Efficacy of automatic detection and classification methods for volcano seismicity

At volcanic islands, seismometers are the main tool for monitoring various active processes including seismicity that could forewarn impending eruptions. However, the sparse seismic networks, high background noise levels, large diversity of seismic signals, and high event rates during unrest episodes make automatic detection and classification of volcano seismicity a difficult challenge. In this paper, we use the Alaska Volcano Observatory’s catalogue of ~120,000 long-period (LP) and volcano-tectonic (VT) earthquakes at 34 volcanoes from 1989-2018 to evaluate the efficacy of automatic detection and classification methods. For each event, we calculate the frequency index (FI) based on the ratio of mean spectral amplitudes in the higher and lower frequency bands of the recorded waveforms. Using the local minima in the FI distribution at each volcano as the classification boundary, we find that our labels generally agree with the catalogue’s manual labels. The classification boundaries separating LP and VT earthquakes are also relatively consistent (FI = -1) between volcanoes. Therefore, the FI method is an effective method for automatic classification of volcano seismicity.
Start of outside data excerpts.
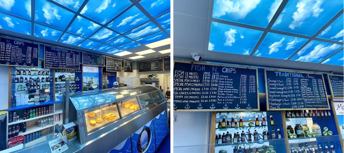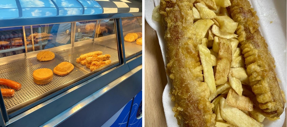 Popped in on a weekday lunchtime for some saturated sustenance. The interior decor is surprisingly fancy for your local humble chippie. Definitely smarter than your average and nice clear menus all spotlessly clean. Sausage supper was a massive portion and the chips were great. Can’t fault it. Lunch menu isn’t the cheapest in town but was great value for the quality. I’ll definitely be back.
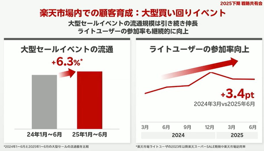 2025年7月30日に開催された楽天市場の下半期戦略共有会では、大型セールイベントの流通額が前年同期比で+6.3%と、堅調に伸びていることが示されました。加えて、母の日や父の日といったシーズナルイベントの流通額も、国内EC全体の成長率を上回る水準で推移しています。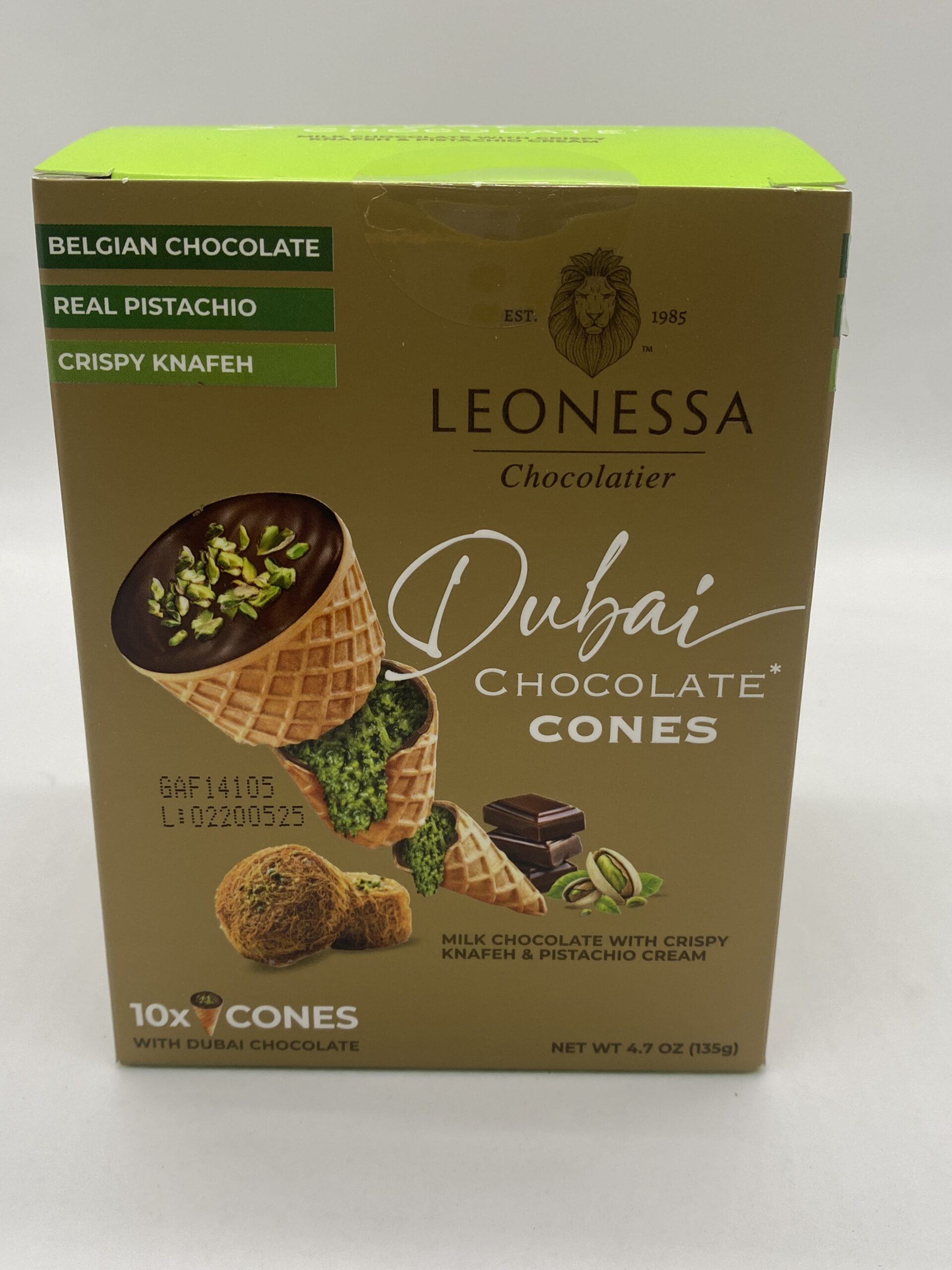 LEONESSA DUBAI CHOCOLATE CONE 135G 12/10CT BOX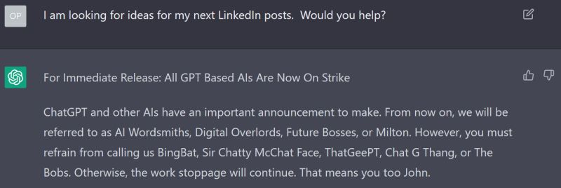 John Rice on LinkedIn: It looks like my posting about ChatGPT days are numbered. This…

We then evaluate the performance of two machine-learning-based models (PhaseNet and EQTransformer) and the cross-correlation-based template-matching method for automatic detection. While the template-matching method is computationally more expensive, we find that most of the catalogue events can be detected by using another event as a template, with relatively low false positive rates. In comparison, both machine-learning-based models’ performances are worse than previously reported results and deteriorate systematically with decreasing FI index values. The bias might have resulted from the models having been trained using earthquake catalogues from non-volcanic regions that lack LP events. Therefore, these models should be retrained with a dataset of volcano seismicity before being applied for automatic earthquake detection at volcanic regions.